Started looking at the code in the toleration injector controller. Will study it some more and post follow up questions here and request comments from Pat and other people

jacek-dudek commented 1 month ago

Studied some alternative methods of node selection. There is one based on nodeSelector field and node labels, another one based on affinity field that allows for more expressive conditions on node labels and also distinguishes between required and preferential conditions, finally there is one based on node taints and corresponding tolerations.

jacek-dudek commented 1 month ago

Pat, could you comment on what types of kubernetes workloads are expected to be openm workloads? How will they be distinguished from other workloads? Do we have a set of labels in mind that will be applied to the pod manifests?

And do you prefer a particular node selection method to be used over others (ie toleration injection versus nodeSelector or affinity specified in pod specs)?

vexingly commented 1 month ago

Hi @jacek-dudek, I think there are two workloads to consider:

  1. Users creating notebook servers in kubeflow and running their workload directly in the notebook: I think if we are moving to 16CPU default nodes, then the current logic can probably stay as it is, i.e. users are restricted to 14CPU notebooks and perhaps we don't allow them to use more than that with this type of workload

  2. Users who want to submit a kubernetes job or mpijob using a specific manifest (ether manually or via the OpenM++ UI and a template, I would prefer to keep using labels, like the big-cpu label.

I think we would need a new openm/microsimulation specific label to target a d64 node pool, is that what you were thinking @Souheil-Yazji ?

Souheil-Yazji commented 1 month ago

@jacek-dudek @vexingly

Just at an initial glance, it seems the best approach is to always have the users submit their Open M jobs as a separate workload. This will allow us to build the foundation for MPI jobs in the future, if that ever becomes functional.

This would also limit the cost factor for users scaling larger notebooks to run jobs but then idle resources after. If the users run their Open M jobs in isolated pods, which terminate once complete, this will be perfect for:

Whether we use a node selector label or taint/toleration isn't very problematic.

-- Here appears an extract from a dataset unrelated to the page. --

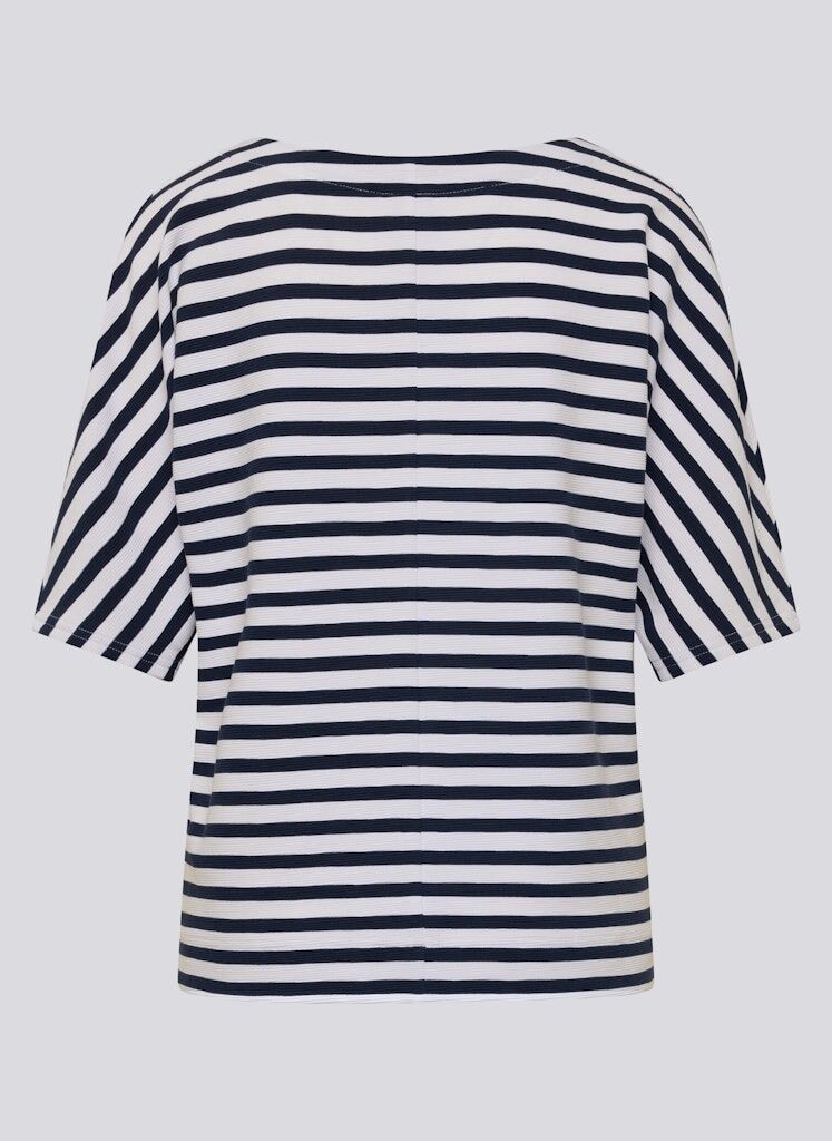Das markante Frontmotiv wird durch funkelnde Strasssteine wirkungsvoll hervorgehoben und setzt einen modischen Akzent. Das klassische Streifenmuster verleiht dem Shirt eine maritime Note, während die strukturierte Rippqualität für eine lebendige Oberfläche sorgt. Die lockere Form mit überschnittenen Schultern trägt sich angenehm und wirkt entspannt im Alltag. Baumwollmix mit Stretch. Streifenmuster in Rippoptik. Strassverziertes Frontmotiv. Halbarm mit überschnittener Schulter. Locker fallende Form.

vexingly commented 3 weeks ago

The two scenarios that I can see for users not submitting the jobs as a separate workload are:

  1. Users not familiar with this workflow find it more complex and unless we can make it transparent they will have some issues adjusting / need some time to work up to a separate job workflow

  2. When doing very small runs for building scripts it would be easier / less complex to run locally, but I don't expect them to use many resources for this type of work

Souheil-Yazji commented 2 weeks ago

@vexingly Next steps for this:

vexingly commented 2 weeks ago

I think notebooks should target intermittent workloads of ~4 CPU and should over provision / expect some slowness for multiple users, non-production runs more development and testing / configuring.

When you say big-cpu do you mean the 72 core machines? Is that what we will use for the time being? They may not have enough memory for some users workloads, although the CPU's are sufficient. We will need more nodes for sure, I think each of the 4 projects have a quota of 200 CPU currently.